In this second picture I’m attaching the top to the legs and apron, again with pocket screws. I notched the corners with my scroll saw and it worked very well. For pieces that don’t show the joinery I really like pocket screws due to the sped of assembly and a very solid connection. You can also see the holes in the bottom of the legs than will accept the 3/8” inserts for leg levelers.
Here’s a top view of the table. The sides are covered with a decorative panel so you won’t see the ends of the plywood.
Here I’ve taped and marked the opening for the lift and lower section of the table. Using a jigsaw and a straight edge gives an acceptable straight cut that can be cleaned-up easily with an orbital sander.
Here you see the completed cutout. Even with the tape and a precision blade the jigsaw still has some slight tearout on the crosscuts. Not sure what you can do with an interior cut like this on plywood to eliminate it. The exposed edges will be covered with wood edge banding.
Here you see the corner bracing I’ve added to stiffen the corners and provide the table with more strength. The corner braces are 3/4” oak I salvaged from a stair railing I mentioned in another blog.

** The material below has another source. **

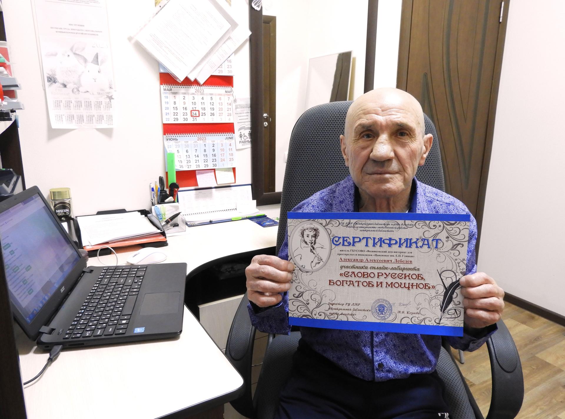 24 мая в День славянской письменности и культуры житель Вязниковского Пансионата Александр Алексеевич Лебедев принял участие в онлайн-викторине «Слово русское, богатое и мощное», организованной Центральной библиотекой города Алчевска (Луганская Народная Республика). Вопросы были обращены к истокам русского слова и традициям. Так же вспомнили крылатые фразы великих русских писателей и стихотворение А.С. Пушкина «Я памятник себе воздвиг нерукотворный». Пройдя 3 тура и ответив на все вопросы, Александр Алексеевич получил не только сертификат, а ещё и удовольствие от участия, т.е. от интересного и познавательного процесса.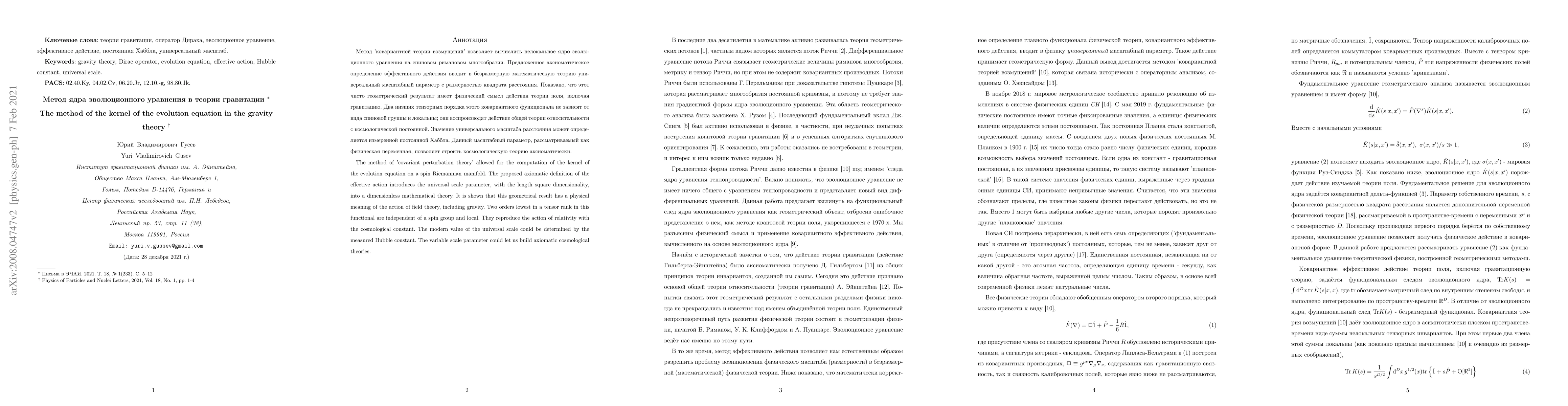 The method of 'covariant perturbation theory' allowed for the computation of the kernel of the evolution equation on a spin Riemannian manifold. The proposed axiomatic definition of the effective action introduces the universal scale parameter, with the length square dimensionality, into a dimensionless mathematical theory. It is shown that this geometrical result has a physical meaning of the action of field theory, including gravity. Two orders lowest in a tensor rank in this functional are independent of a spin group and local. They reproduce the action of relativity with the cosmological constant. The modern value of the universal scale could be determined by the measured Hubble constant. The variable scale parameter could let us build axiomatic cosmological theories.

I’ll be banding the lid and assembly the decorative side here next. I’m still not sure what I’m doing for the 1/4” inserts in the decorative sides. The beadboard at the box stores is cheesy, and they don’t have any in unfinished oak. I’ve thought about veneering some panels with some nice veneer I have, but the long pieces would need to be bookmatched and I haven’t tried veneering yet and don’t have a vacuum press. I might have to wait awhile and look for some actual oak beadboard to buy.